SimaQian / README.md
lordChipotle's picture
Trained with Unsloth
6e962dc verified
---
datasets:
- RUCAIBox/Erya-dataset
language:
- en
base_model:
- google/gemma-2-2b-it
tags:
- ancient-chinese
- chinese
- literature
- unsloth
- trl
- sft
---
Ancient Chinese Translator + Phonology Model (SimaQian)
Name Origin:
The origin of the model name comes from famous ancient chinese historian Qian Sima (司馬遷), known for his Records of the Grand Historian, a general history of China covering more than two thousand years.
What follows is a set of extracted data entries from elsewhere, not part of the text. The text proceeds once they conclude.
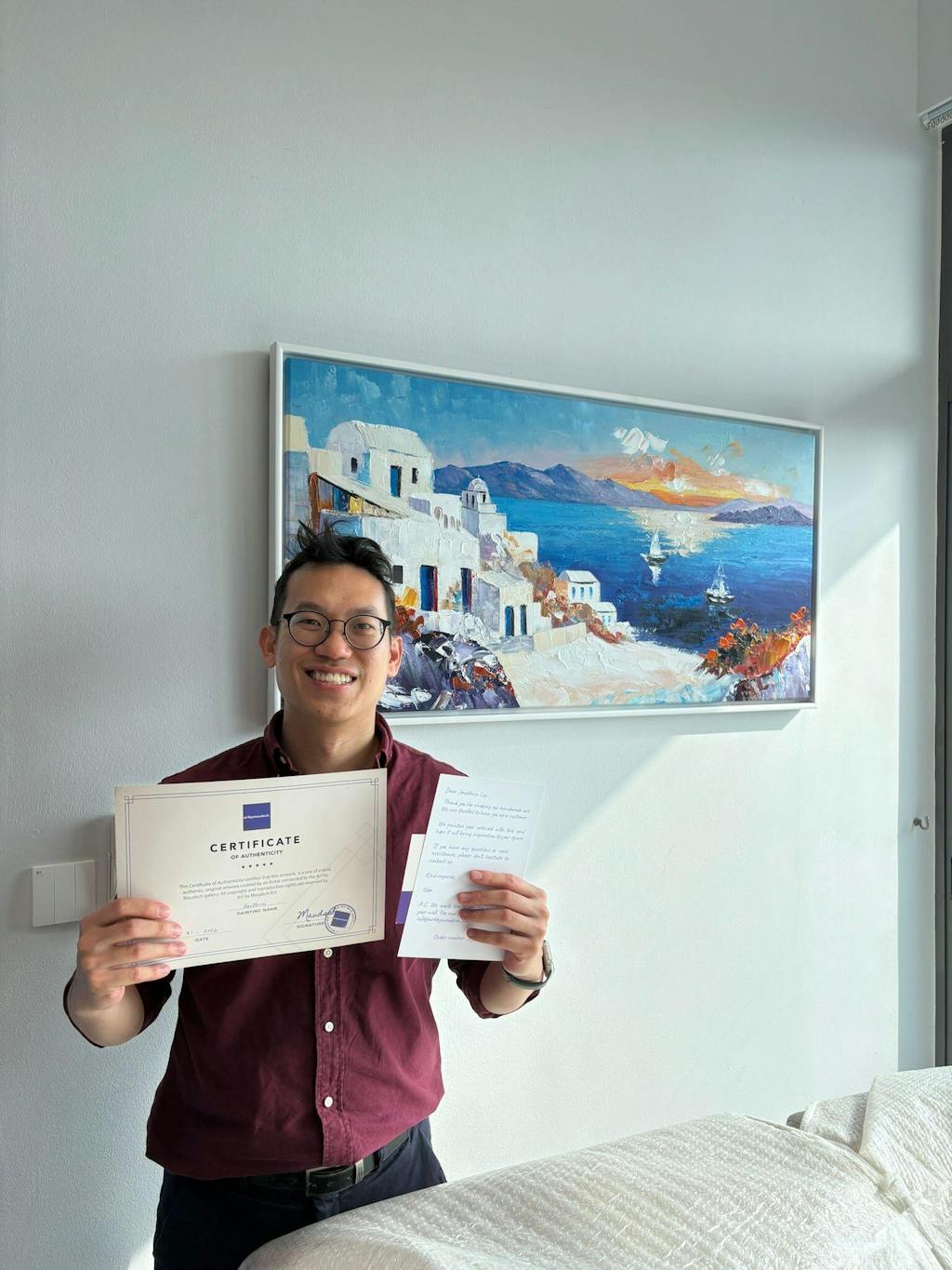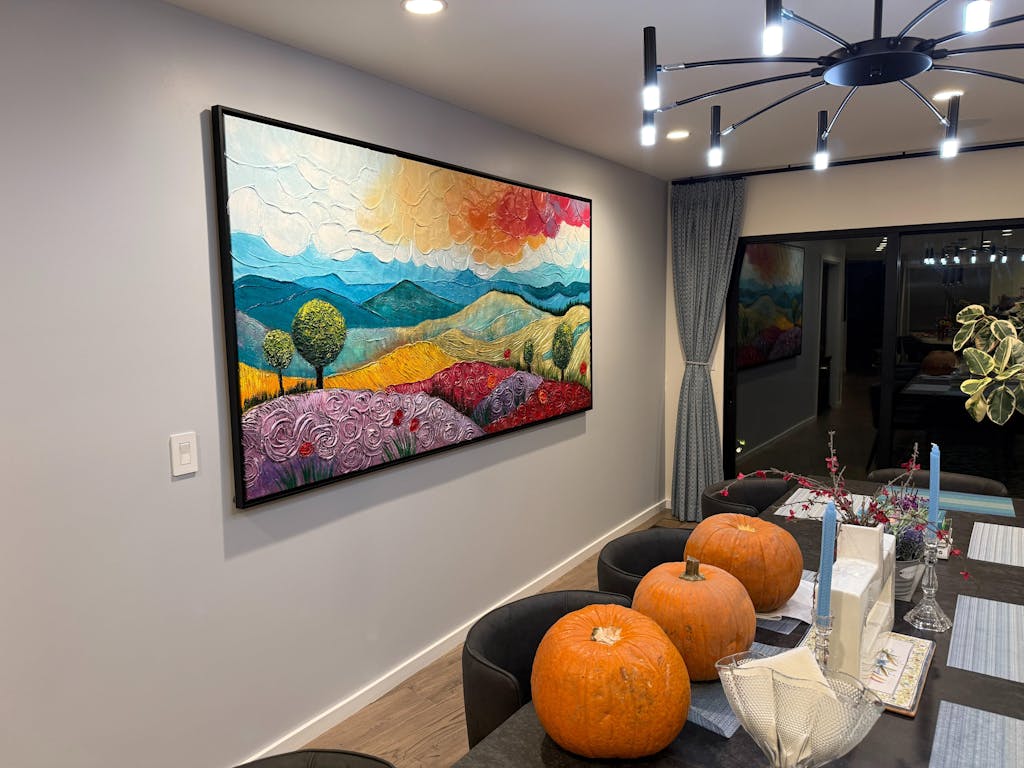 The artwork itself is even more beautiful in person! The colors are vibrant, the texture is rich, and the framing is exceptional. I’ve bought art from other online galleries before, but this one really stands out for its craftsmanship, attention to detail, and delivery. The piece arrived carefully packaged and earlier than expected, which was such a nice surprise.
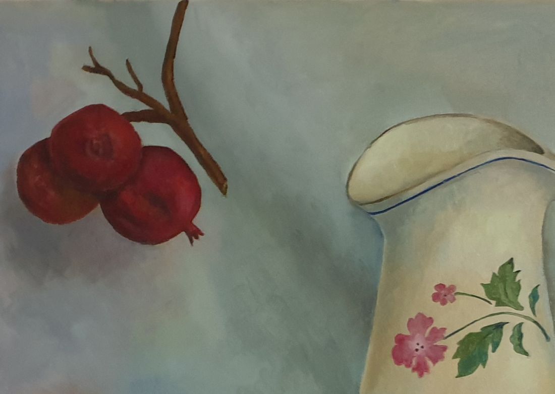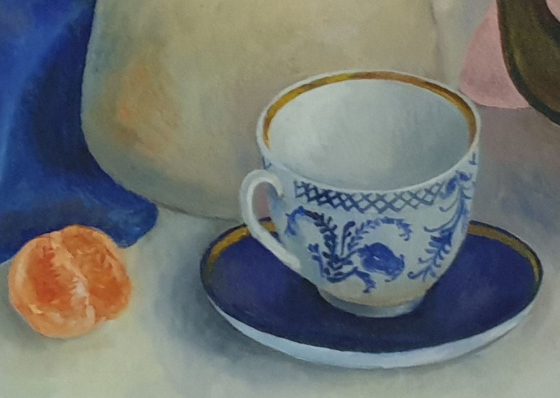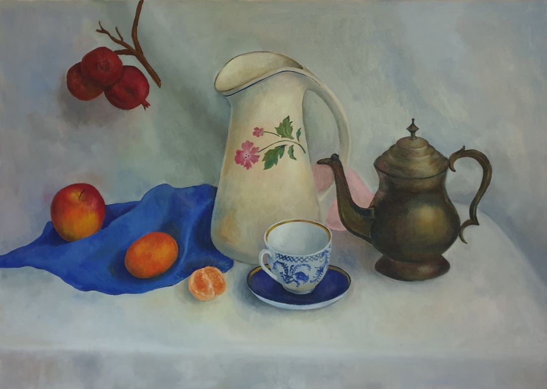 Still life "White Warmth" in light colours and filigree tendrils on jug and cup. Oil on canvas. Dimensions 50x70cm. CHF 660.- incl. shipping costs and VAT.
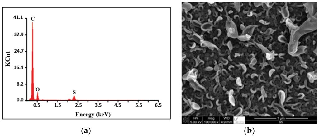 Images of the TFC reference (FT-30 membrane) by EDX and SEM portrayed in Figure 2a,b show that the surface roughness ranges between 25 and 34 nm. This is slightly rougher than that of the PS membrane (27–31 nm) [41] as indicated by the AFM images in Figure 3. The EDX spectrum shows that C, O, and S are the main elements exist in the TMC membrane.

This model combines two key functionalities for Ancient Chinese texts:
1. Translation: Converts Ancient Chinese passages into modern Chinese.
2. Phonological Reconstruction: Provides historical pronunciations for characters or entire sentences across multiple eras (e.g., Middle Tang, Song, Yuan, Ming/Qing).
Model Description
• Architecture: Fine-tuned on top of Google’s Gemma 2 model using LoRA.
• Input Format: Special tokens <start_of_turn> / <end_of_turn> define user vs. model turns.
• Output: Era identification (optional), phonetic renderings, and modern Chinese translations.
Training Data
• Translation: Erya dataset from RUCAIBox/Erya-dataset.
• Phonology: Ancient-Chinese-Phonology (ACP) for multi-era reconstructions.
• Fine-Tuning: LoRA-based parameter-efficient approach on Gemma 2 Instruct.
Usage
from transformers import AutoTokenizer, AutoModelForCausalLM
tokenizer = AutoTokenizer.from_pretrained("lordChipotle/SimaQian")
model = AutoModelForCausalLM.from_pretrained("lordChipotle/SimaQian")
prompt = """
<start_of_turn>user
Given the ancient text: 「子曰:學而時習之,不亦說乎?」
1) Identify the era
2) Provide the phonetic reading
3) Translate into modern Chinese
<end_of_turn>
<start_of_turn>model
"""
inputs = tokenizer(prompt, return_tensors="pt")
outputs = model.generate(**inputs, max_length=256)
print(tokenizer.decode(outputs[0]))
Limitations and Biases
• Era Estimation: Model may not always correctly guess the historical era.
• Pronunciations: Reconstructions are approximate and can vary by scholarly consensus.
• Contextual Accuracy: For highly contextual Ancient Chinese passages, translations may need further review by domain experts.